Available data:
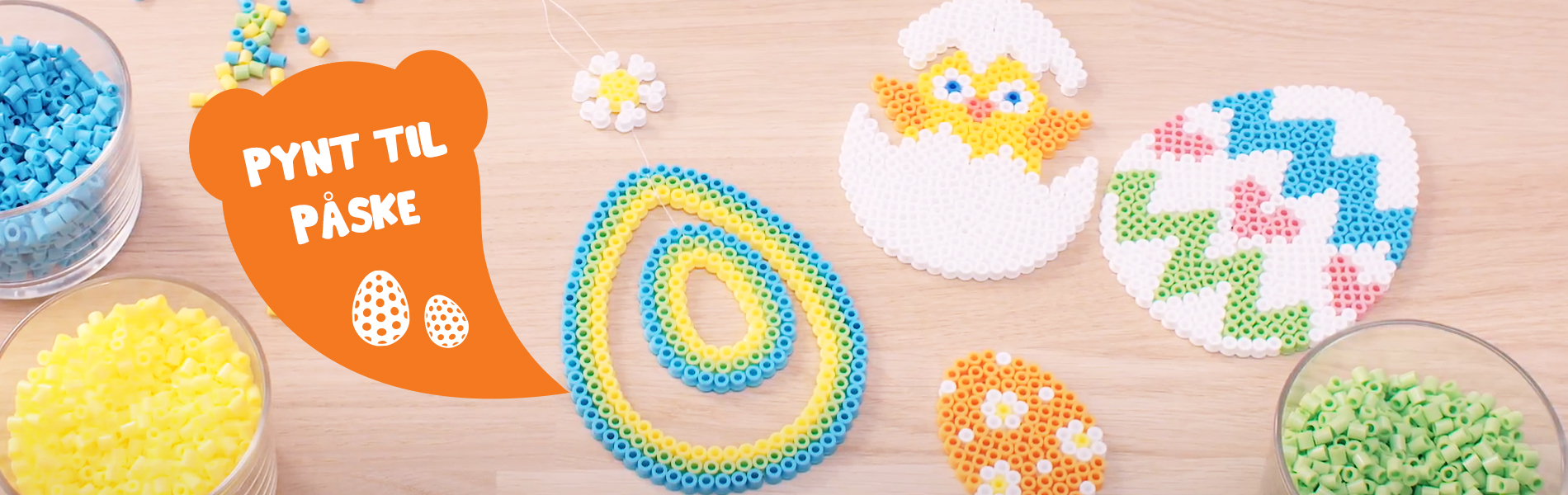 Til påske kan du pynte med blomster, egg og kyllinger. Du kan perle pynten selv, så blir det ekstra hyggelig å sette det frem.
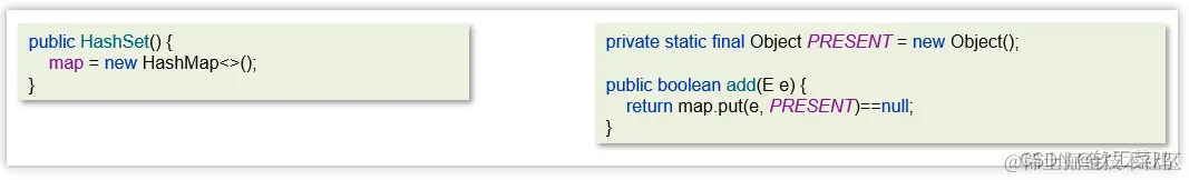 HashSet底层其实是用HashMap实现存储的, HashSet封装了一系列HashMap的方法. 依靠HashMap来存储元素值,(利用hashMap的key键进行存储), 而value值默认为Object对象. 所以HashSet也不允许出现重复值, 判断标准和HashMap判断标准相同, 两个元素的hashCode相等并且通过equals()方法返回true.
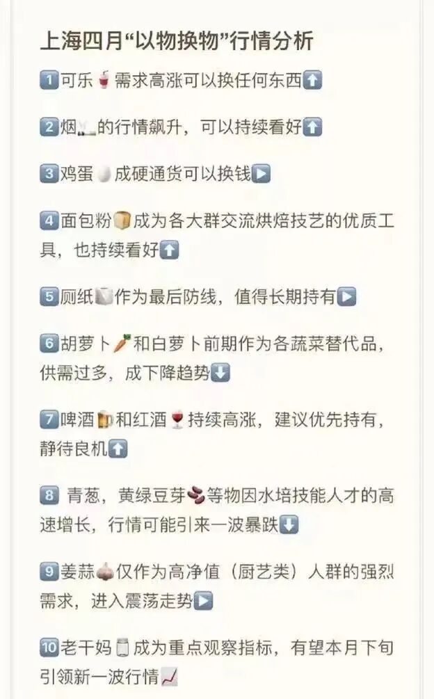 更有1张“上海4月以物换物行情分析表”流传于朋友圈,上面赫然显示:
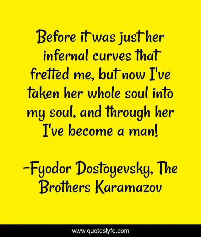 This page presents the quote "Before it was just her infernal curves that fretted me, but now I've taken her whole soul into my soul, and through her I've become a man!". Author of this quote is Fyodor Dostoyevsky, The Brothers Karamazov. .

Your objective:
Apart from the images, every line above is to be given again exactly.

Exercise solution:
 Til påske kan du pynte med blomster, egg og kyllinger. Du kan perle pynten selv, så blir det ekstra hyggelig å sette det frem.
 HashSet底层其实是用HashMap实现存储的, HashSet封装了一系列HashMap的方法. 依靠HashMap来存储元素值,(利用hashMap的key键进行存储), 而value值默认为Object对象. 所以HashSet也不允许出现重复值, 判断标准和HashMap判断标准相同, 两个元素的hashCode相等并且通过equals()方法返回true.
 更有1张“上海4月以物换物行情分析表”流传于朋友圈,上面赫然显示:
 This page presents the quote "Before it was just her infernal curves that fretted me, but now I've taken her whole soul into my soul, and through her I've become a man!". Author of this quote is Fyodor Dostoyevsky, The Brothers Karamazov. .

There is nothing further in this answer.